La première représentation ressort de la conception de la « noblesse » que nous avons analysée. Cette définition aboutit à une vision binaire de la société où les perfecti, les gens parfaits, forment une élite qui se distingue de tous les autres. Le terme perfecti sert à désigner les membres de la noblesse parmi lesquels se range Ennode. Il est employé comme un véritable synonyme de nobiles ou clarissimi : l’exemple de Jean qui cherche à atteindre « le faîte de la perfection791 » et qui tend vers « la Clarté792 » illustre les liens étroits entre la perfectio et la claritas. Mais ce n’est pas parce qu’un individu est noble qu’il est parfait ; c’est parce qu’il est parfait qu’il peut-être considéré comme « noble ». Cette vision binaire de la société (les perfecti et les autres) se retrouve à l’identique dans l’opposition entre les bons auteurs, ceux qui respectent avec succès les devoirs de l’épître, et les auteurs maladroits : « Agréable est le commerce épistolaire quand il émane d’un auteur érudit. C’est en lui qu’éclate la splendeur d’un style poli à la perfection lorsque la richesse de l’expression est bridée par les freins de l’habileté793 ». Et passant ensuite au style rude de l’auteur maladroit, il ajoute : « Qui, étant solidement établi sur la citadelle de l’éloquence, ne mépriserait pas l’affection d’une telle personne ? L’amour d’un inculte pèse sur la conscience des êtres parfaits794 ». Cette conception a pour conséquence d’exclure les indocti de l’amicitia épistolaire et, partant, de l’élite sociale. Le renouvellement de la notion de noblesse, qui traduit, nous l’avons vu, une subordination de l’excellence sociale à l’excellence culturelle et morale, délivre une conception de la société dans laquelle les « nobles » s’opposent aux indocti, ceux qui ne parviennent pas à l’excellence culturelle, et aux profani, terme générique qui désigne à la fois ceux qui cultivent encore des pratiques païennes et des comportements indignes de la morale chrétienne, mais aussi les chrétiens schismatiques, ceux qui menacent le pouvoir de l’évêque de Rome et qu’Ennode qualifie de profanissimi 795.

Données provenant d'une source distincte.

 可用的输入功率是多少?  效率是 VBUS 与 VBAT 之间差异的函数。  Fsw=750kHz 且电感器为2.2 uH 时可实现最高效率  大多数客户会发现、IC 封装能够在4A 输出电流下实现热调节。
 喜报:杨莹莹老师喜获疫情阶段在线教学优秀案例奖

La distinction entre les perfecti et les autres (indocti, profani…) prend place dans une opposition plus large entre les « bons » (boni) et les « méchants » (crudeles) : « ce que tu as supporté », écrit-il à Euprepia, « est commun aux gens de bien ; mais ce que tu as fait est commun aux gens cruels796 ». La structure binaire de la société est donc exprimée par plusieurs répartitions complémentaires. À cet égard, il est frappant de constater qu’Ennode ne reprend pas l’opposition traditionnelle entre les « familles d’origine latine » et les « barbares ». Pour un défenseur de la romanité, cette attitude témoigne d’une évolution importante.

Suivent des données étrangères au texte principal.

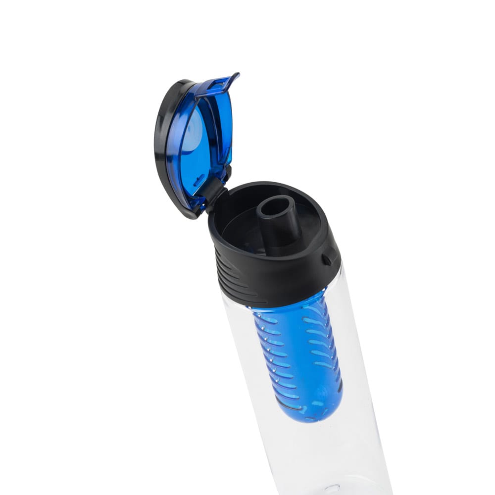 Squeeze em AS e com tampa flip top em PP, com infusor de frutas incluso. Capacidade até 740ml. Caixa branca 94657 vendida opcionalmente. Certificação EU Food Grade

Epist. 1, 10, 3 à Jean : summam perfectionis adeptus es.
Epist. 1, 10, 6 à Jean : sub hac claritatis tuae intentione (…).
Epist. 1, 8, 1 à Firminus : iucunda sunt commercia litterarum docto auctore concepta : illa in quibus ad unguem politi sermonis splendor effulgorat, ubi oratio diues frenis peritiae continetur.
Epist. 1, 8, 2 à Firminus : Quis non personae talis in eloquentiae arce constitutus spernat affectum ? Grauat conscientiam perfectorum amor indocti.
Opusc. 2, 66.
Epist. 2, 15, 2 à Euprepia : Quod sustinuisti, commune cum bonis est : cum crudelibus, quod fecisti.